Data shown =
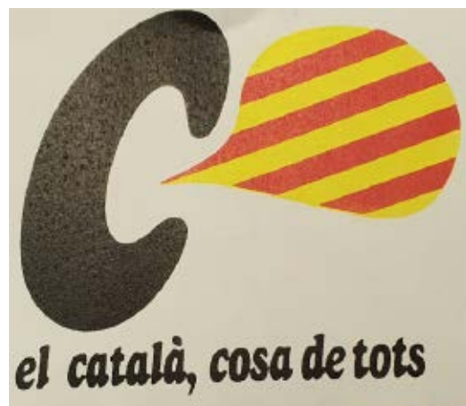
>> Un adhesiu que es va fer molt popular en els anys vuitanta.

mateix que la correcció, i que hi ha multituds que cal guanyar per a la llengua; per a aquesta nostra llengua d'ara, probablement». En la confiança està el perill, diria jo. Els hem sabut guanyar? Ara es veu que la immersió lingüística a l'escola no era tan eficaç com ens han volgut fer creure, que la salut de la llengua és incerta. En més de quaranta anys de democràcia, la Generalitat ha estat incapaç de blindar la llengua o no ha pogut; de dotar-la d'un estatut sobirà, com del que gaudeix el francès al Quebec. Quan en els segles XV-XVI les cultures veïnes (castellana i francesa) advocaven per les seves llengües enfront del poderós llatí, les poques de-
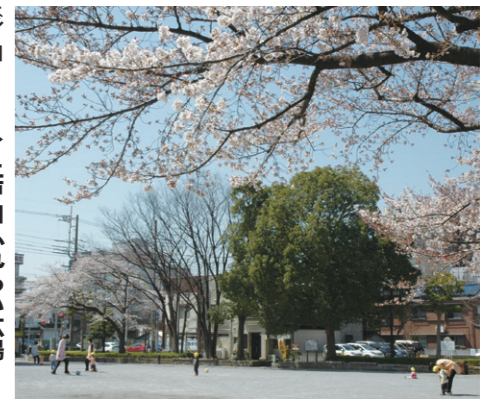
市からの情報をテレビで見られないか 市からふれあい広場

議員 施設の計画を行う際、市の所有する土地の用途地域、高度地区規制、土地の価値など、その土地の持つポテンシャルを考慮するとともに、都市計画法、建築基準法などの法律、市の考える都市計画のビジョン、計画施設周辺の状況を考慮し計画されているか。①工業
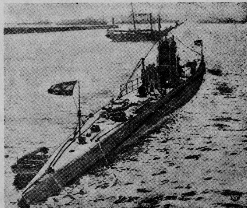
Hiszpańska rządowa łódź podwodna „C 2” którą powstańcy chcieli zawładnąć w Breście

LONDYN. Jak donoszą z Tokio, toczy się tam od pewnego czasu ożywiona kampania na rzecz zacieśnienia sojuszu Japońsko-Niemieckiego. Rocznicą podpisania układu Japońsko-Niemieckiego ma być w całym kraju uroczyste obchodzone.
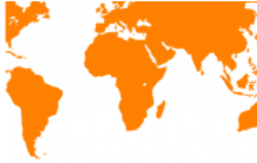
Gran participación en programas intercultural
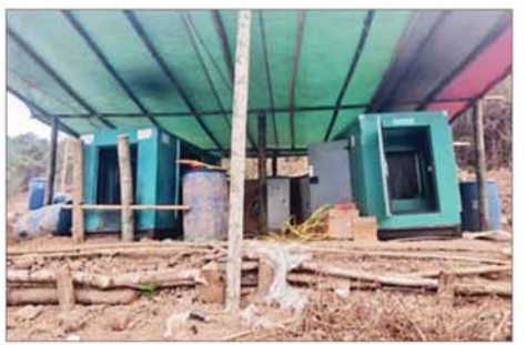
မီးစက်နှစ်လုံးကို တွေ့ရစဉ်။
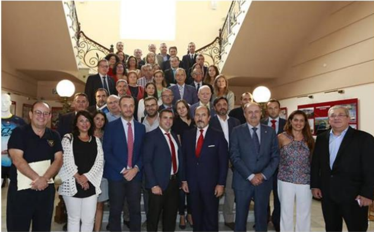
Participantes de la segunda jornada de la Red de Cátedras de RSC en Cartagena.
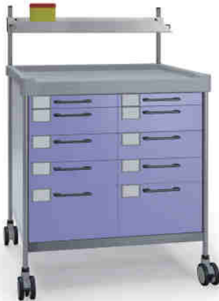
3818 F N365 F. 26LW(R1N)
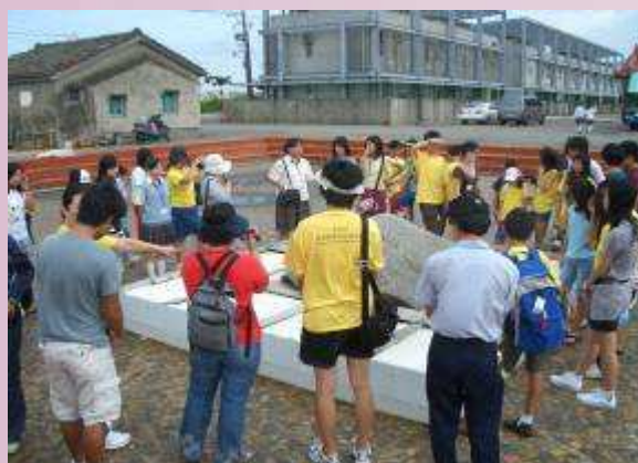
地球村學員參訪七股鹽田
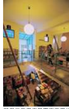
草祭二手書店是臺南重要的人文據點。

以孔廟為中心，周邊府前路及南門路也與府中街串連發展出區域特色，無論是最有氣質的二手書店草祭，或者是經營超過六十年始終門庭若市的莉莉水果店，都受到觀光客熱烈喜愛，這一帶值得慢慢欣賞品味，若來到臺南可千萬不能錯過品嚐濃濃「府城味」的機會。
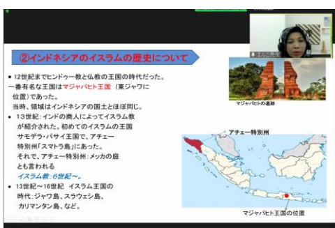
▲インドネシアについての講義
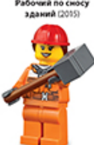
Рабочий по сносу зданий (2015)

What to produce = Copy the entries precisely, images excluded.

Written response =
>> Un adhesiu que es va fer molt popular en els anys vuitanta.

mateix que la correcció, i que hi ha multituds que cal guanyar per a la llengua; per a aquesta nostra llengua d'ara, probablement». En la confiança està el perill, diria jo. Els hem sabut guanyar? Ara es veu que la immersió lingüística a l'escola no era tan eficaç com ens han volgut fer creure, que la salut de la llengua és incerta. En més de quaranta anys de democràcia, la Generalitat ha estat incapaç de blindar la llengua o no ha pogut; de dotar-la d'un estatut sobirà, com del que gaudeix el francès al Quebec. Quan en els segles XV-XVI les cultures veïnes (castellana i francesa) advocaven per les seves llengües enfront del poderós llatí, les poques de-
市からの情報をテレビで見られないか 市からふれあい広場

議員 施設の計画を行う際、市の所有する土地の用途地域、高度地区規制、土地の価値など、その土地の持つポテンシャルを考慮するとともに、都市計画法、建築基準法などの法律、市の考える都市計画のビジョン、計画施設周辺の状況を考慮し計画されているか。①工業
Hiszpańska rządowa łódź podwodna „C 2” którą powstańcy chcieli zawładnąć w Breście

LONDYN. Jak donoszą z Tokio, toczy się tam od pewnego czasu ożywiona kampania na rzecz zacieśnienia sojuszu Japońsko-Niemieckiego. Rocznicą podpisania układu Japońsko-Niemieckiego ma być w całym kraju uroczyste obchodzone.
Gran participación en programas intercultural
မီးစက်နှစ်လုံးကို တွေ့ရစဉ်။
Participantes de la segunda jornada de la Red de Cátedras de RSC en Cartagena.
3818 F N365 F. 26LW(R1N)
地球村學員參訪七股鹽田
草祭二手書店是臺南重要的人文據點。

以孔廟為中心，周邊府前路及南門路也與府中街串連發展出區域特色，無論是最有氣質的二手書店草祭，或者是經營超過六十年始終門庭若市的莉莉水果店，都受到觀光客熱烈喜愛，這一帶值得慢慢欣賞品味，若來到臺南可千萬不能錯過品嚐濃濃「府城味」的機會。
▲インドネシアについての講義
Рабочий по сносу зданий (2015)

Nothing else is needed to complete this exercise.